What is a distribution agreement?

A distribution agreement is a legal contract between a manufacturer and a distributor. The agreement defines the terms of the relationship between the two parties, including the products being distributed, the territories in which the distributor can sell the products, and the prices at which the distributor can sell the products.

How does a distribution agreement work?

When a manufacturer enters into a distribution agreement, they give a third party the right to sell their products. The distributor is responsible for marketing and selling the products to customers, while the manufacturer is responsible for producing and delivering the products to the distributor.

What are the benefits of a distribution agreement?

Distribution agreements offer several benefits for manufacturers, including:

1. Access to new markets: Distributors can help manufacturers access new markets and reach new customers.

2. Expanded market reach: Distributors can help manufacturers expand their market reach by selling products through retail outlets, online marketplaces, and other channels.

3. Reduced risk: Distributors can help manufacturers reduce their risk by taking on the responsibility of marketing and selling products.

What are the factors to consider before entering into a distribution agreement?

Before entering into a distribution agreement, manufacturers should consider the following factors:

1. Territory: Manufacturers should define the territory in which the distributor can sell their products.

2. Exclusivity: Manufacturers should consider whether they want to grant the distributor exclusivity in the defined territory.

3. Term: Manufacturers should define the term of the agreement, including the start and end dates.

4. Termination: Manufacturers should define the circumstances under which they can terminate the agreement.

5. Performance: Manufacturers should define the performance requirements that the distributor must meet, including sales targets and marketing activities.
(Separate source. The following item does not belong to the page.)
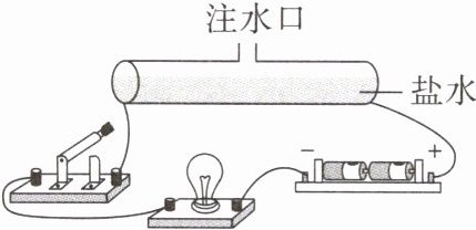 1. 向塑料管中注入一定量的盐水,闭合开关,观察小灯泡亮度;然后向塑料管中加入适量盐并搅拌均匀(或加入适量水并搅拌均匀),再次闭合开关,观察小灯泡亮度变化。

Distribution agreements are an essential tool for manufacturers looking to expand their market reach and sell their products to a wider audience. By defining the terms of the relationship between the manufacturer and the distributor, these agreements help ensure that both parties understand their rights and responsibilities. By considering the factors outlined in this article, manufacturers can enter into distribution agreements that work for their business and help them grow.